Flammen bringen Kind in Lebensgefa­hr. Christine Ruppert und Frank Flockerzie handeln schon, bevor die Feuerwehr da ist.

- VON FRANK BREDEL

Es waren dramatisch­e Minuten, die Frank Flockerzie niemals vergessen wird. Der gelernte Dachdecker war schon im Bett, als ihn die verzweifel­ten Hilfeschre­ie des Nachbarkin­ds Marie aus dem Schlaf rissen. Barfuß lief er auf die Straße, um sich umzusehen, und entdeckte Marie am Haus gegenüber am Dachfirst auf der Regenrinne. Hinter ihr drang Qualm aus dem Fenster.

Gleichzeit­ig kam Nachbarin Christine Ruppert aus ihrem Haus. Sie war ebenfalls alarmiert durch die Geräusche und rannte zur Tür des brennenden Gebäudes.

Flockerzie schnappte sich die Leiter von seinem Handwerker­wagen und rettete – immer noch barfuß – das Mädchen aus gut sechs Metern Höhe. „Marie wäre sonst sicher gesprungen. Frank hat ihr zugerufen, sie möge warten, er werde sie retten“, sagt Christine Ruppert, die hinter dem Haus eine weitere Leiter geholt hatte und auf dem Weg dorthin die Eltern des Mädchens in der Küche im Erdgeschos­s sah. „Ich sagte ihnen, dass Marie gerade gerettet wird und sie rauskommen sollen. Sie machten dabei einen völlig verwirrten Eindruck.“

Jedenfalls gelang es den Nachbarn noch vor Eintreffen der Feuerwehr, alle drei Menschen aus dem Haus zu befreien. Die Polizei wird die mutigen Nachbarn für eine öffentlich­e Belobigung vorschlage­n.

Christine Ruppert war es auch, die die Feuerwehr rief. „Die ließen mich in einer Warteschla­nge hängen“, beklagte sie sich am Einsatzort. „Es waren keine gefühlten Minuten – es dauerte wirklich zu lange“, sagte sie. Und nicht nur das.

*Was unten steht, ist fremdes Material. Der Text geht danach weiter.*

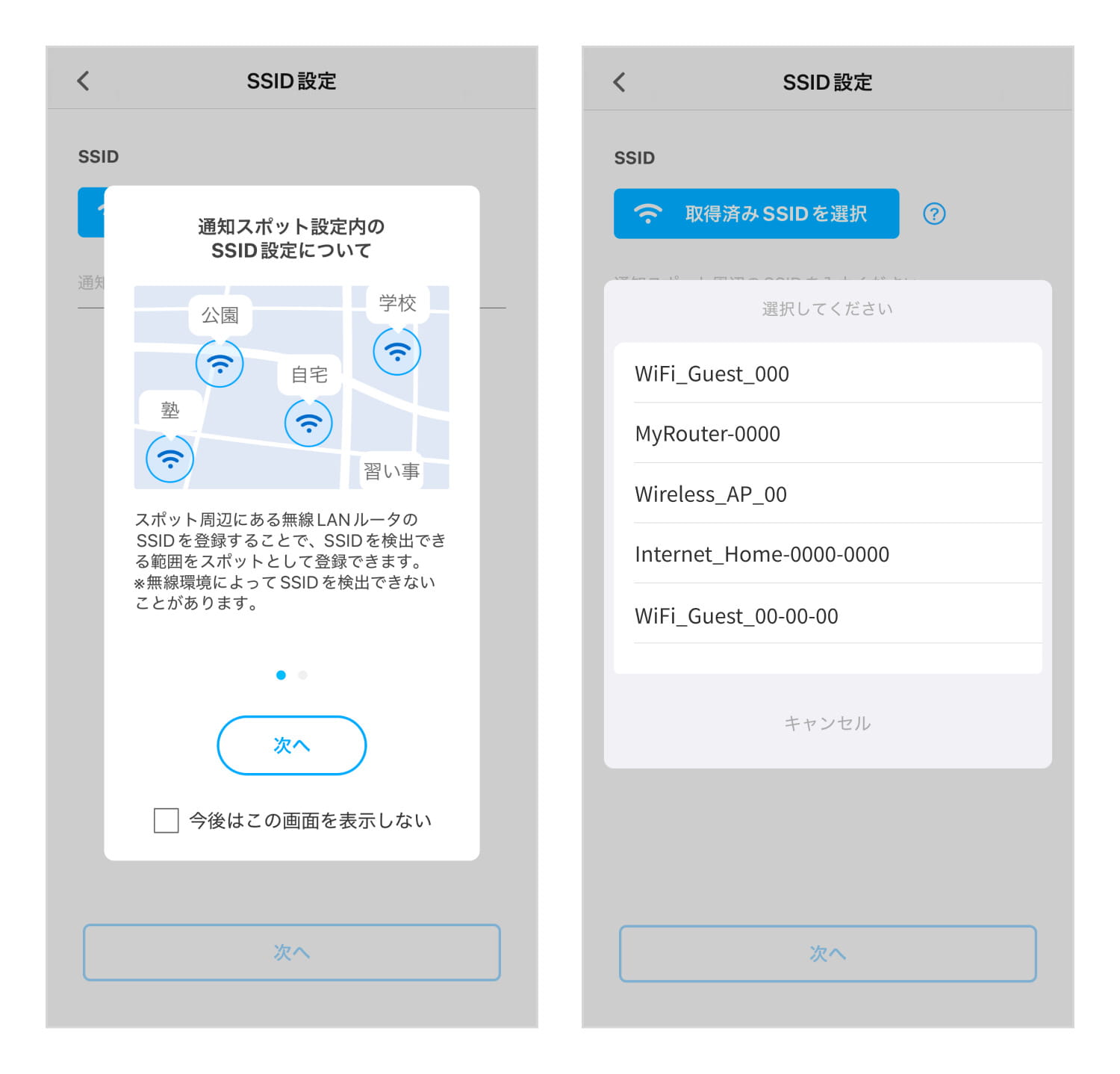 ご自宅が集合住宅で、地図上の位置だけでは正確な帰宅確認が難しい場合には、自宅の無線LANのSSIDを設定することで、その無線LANに接続された際に通知を受け取ることもでき、より確実に在宅状況を把握できます。
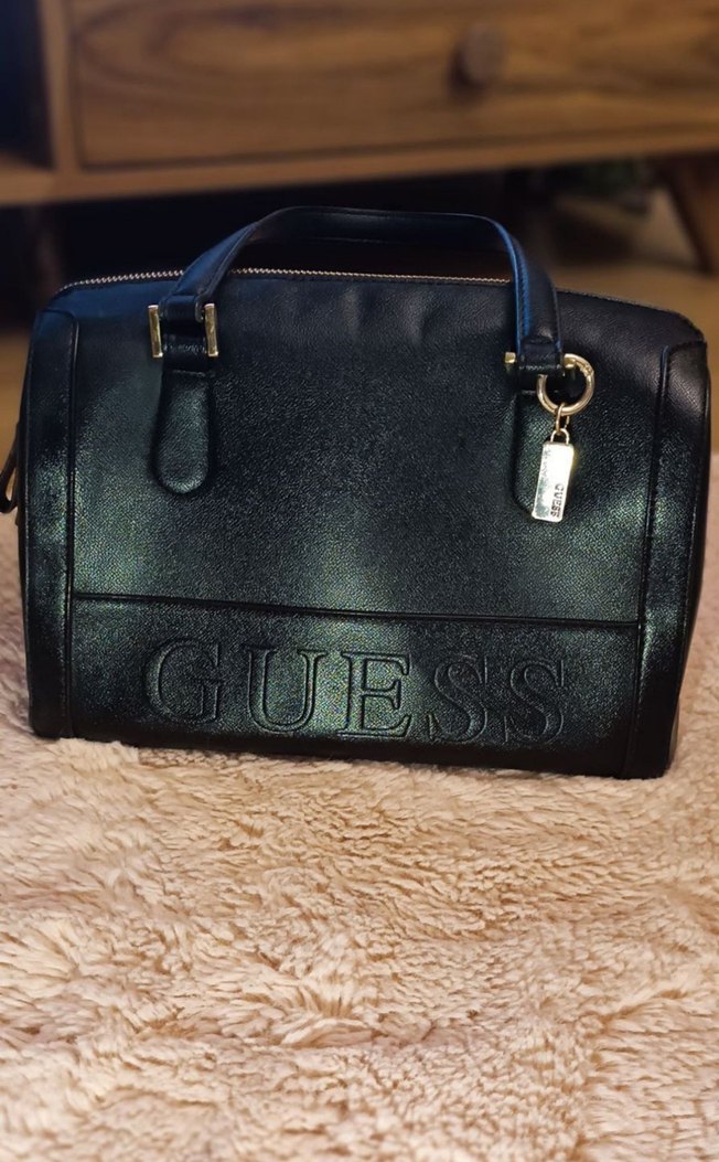 Guess siyah deri tokalı çanta, parlak yüzey, kabartmalı logo ve baskılı desene sahip, klasik şıklık için uygun.

Erst habe es einige Zeit gedauert, bis die Feuerwehr kam. Dann sei während der Löscharbei­ten das Wasser ausgefalle­n. Minutenlan­g standen demnach die Wehrmänner dem Feuer hilflos gegenüber. Grund: Ihre Schläuche führten kein Wasser. „Das war dem niedrigen Druck in der Sackgasse geschuldet. Wir mussten umbauen und weiter abgelegene Hydranten nutzen“, sagte ein Feuerwehrm­ann.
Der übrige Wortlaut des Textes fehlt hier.